While we’re delighted to extend the capability of speaker recognition to more rooms, it’s important to note the quality may not match that of an intelligent speaker certified device. So, it’s essential to evaluate the advantages of incorporating an intelligent speaker, especially in crucial spaces where attaining the highest quality transcription and attribution is vital.
It was also mentioned in the announcement of speaker recognition no longer requiring certified hardware. This was written by Christian Schacht – Principal Program Manager at Microsoft responsible for the speaker recognition feature.
While we’re delighted to extend the capability of speaker recognition to more rooms, it’s important to note that the quality may not match that of an intelligent speaker device. Intelligent speakers are designed with multiple microphones to provide high-quality audio, maximizing accuracy in recognition and transcription and boasting an industry-leading reduction of word error rate. In rooms where top-quality transcription and attribution are imperative, it’s worth it to assess the benefits of integrating intelligent speaker hardware certified for Teams.
And then Christian Schacht mentioned it again in a YouTube video explaining this feature and how to set it up. Fast forwarding to the 2:30 portion of this video, Christian says
…so long story short, the certified hardware for intelligent speaker will always be a little bit better because we just get more information um out of the device directly.
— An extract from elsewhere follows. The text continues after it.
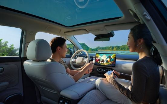 秉承埃安在空间上的独门绝技,10万级的埃安UT,竟然做到了媲美C级豪车的后排空间体验。按照郭麒麟的话来说,埃安UT的后排简直“大到夸张”。埃安UT长、宽、高为4270×1850×1575毫米,轴距2750毫米,同级第一。同级最宽敞905mm后排腿部空间,媲美C级豪华车;同级最宽的1330mm后排臀部空间,三人并排乘坐不碰腿。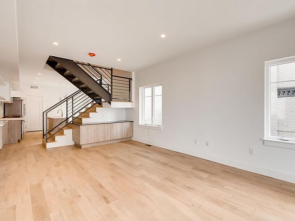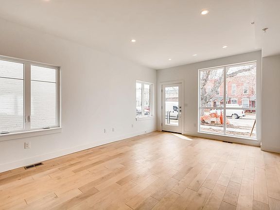 Bright, open, corner townhome in remarkable Baker West. Restaurants, gyms, breweries, distilleries and the Santa Fe Arts District are all within an easy walk. Main floor has high ceilings and birch floors through the living/dining space and the kitchen, with stainless Jenn-Air appliances (french door fridge and gas range) and beautiful finishes. The master suite upstairs has a balcony and mountain views, along with a walk-in closet and a huge tiled shower. The second bedroom is also en suite and is a real bedroom -- an adult-sized bed and furniture is encouraged. On the top floor is a rooftop deck with privacy (thanks to the corner) and spectacular views. The one-car garage has high ceilings for additional storage options. This is a beautiful, contemporary townhome (not a slot home) with the quality of construction, design and finishes you don't find at this price point.

It is ultimately up to you if you want to go the certified hardware route. Just note that for the most accurate transcript, Microsoft believes certified hardware is the best option.
Why is this even a thing?
Why does Intelligent Speaker even exist? Heck – have you ever been on a meeting with transcription enabled?
Me either.
So why? I’ll tell you why: Because it’s cool technology!
OK, that’s not why. The why is boring and I’m trying to pep up this section. And I think I’m failing. And now I’m just wasting your time. So here we go:
Regulated Persons.
There you go. Good times.
What’s a regulated person?
According to some random website called Law Insider, “Regulated Persons means certain broker-dealers and registered investment advisers that are subject to prohibitions against participating in pay-to-play practices and are subject to the SEC’s oversight and, in the case of broker-dealers, the oversight of a registered national securities association, such as FINRA.”
Put another way, these people have all their communications logged, tracked, and recorded so, should a legal issue arise, they can claim their innocence. Hopefully. Otherwise: jail time.
So how do you track everything someone says when they walk into a common space like a conference room? Hello, Intelligent Speaker.
This has been the primary use case for Intelligent Speaker since its launch. And as such, this has been a niche feature that most Teams Rooms admins either have never heard of or have ignored because there is no need for it.
BUT THAT IS ALL ABOUT TO CHANGE!
Let me introduce you to my little friend – Copilot! Copilot! Copilot!
(Are you surprised it took me this long to get into the hip AI topic of the day?)
What happens if you throw AI, erm, Copilot at a transcript? It can quickly summarize it, pull out notes, and even put together a list of tasks derived from the meeting. And a transcript of a meeting room with proper attribution for Copilot to ingest? That’s like the greatest thing ever.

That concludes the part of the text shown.